I reach out to probe the injury, bracing for pain, but there is none. No swelling, no tenderness, either. I rotate my foot gingerly, putting the joint through its full range of motion. It feels fine, as if I never hurt my ankle in the first place.
Holding up my necklace like a little lantern, I get on my knees. The crystals glowing in the stone below me extend only a few feet in each direction. When I knee walk over and pat at what’s past them, my hand plunges into open air.
“Carajo!” I’m on some kind of platform, who knows how high. The crystals dim, and I back away, even more wary without them to show where the edges are. When my necklace finally goes dark, I can no longer ignore the fact that it glowed and that I felt something when my ankle healed.
If you’d asked me only a few hours ago what I believed in, I would have said science. Blood work and x-rays and PET scans and all the different ways medicine has discovered how to heal a human body.

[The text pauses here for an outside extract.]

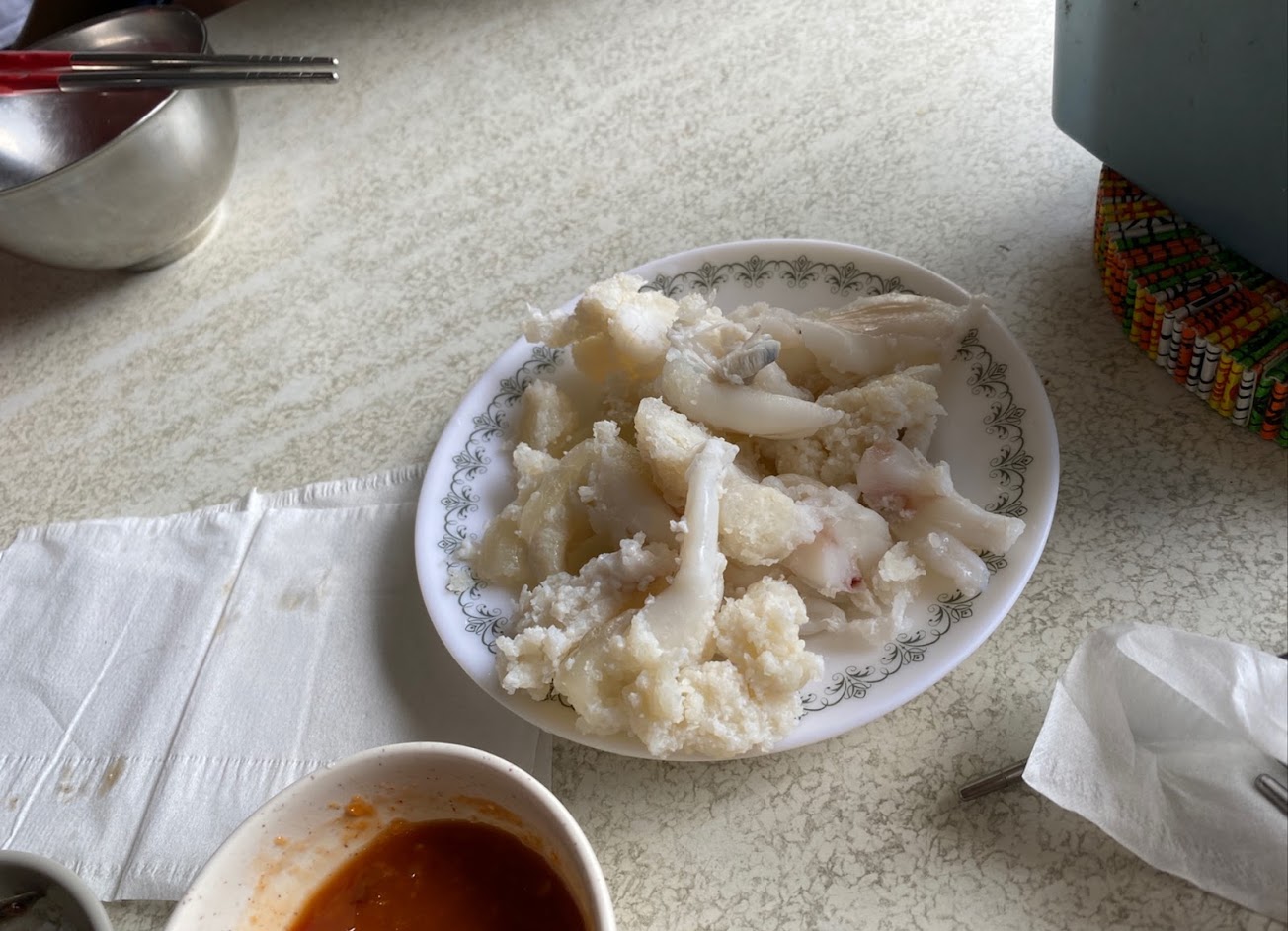 在鯨魚洞旁邊 小捲米粉湯底很好喝 麵線本身就有鹹味加上的絲瓜很有口感不會軟爛 。 另一道小管炒蛋 魷魚有些烤過 味道很重 很適合下酒菜

And yet, there’s always been a part of me that believed in something more. In the recipes in the old family cookbook that weren’t food, the herbs used to treat various ailments.
But this, this is something more. My fingers trace over the smooth sides of the crystal pendant I’ve worn ever since Abuelita gave it to me for my quincea?era. Most girls got crosses, and indeed, Mami gave me a little gold one on a dainty necklace I keep safe in my jewelry box.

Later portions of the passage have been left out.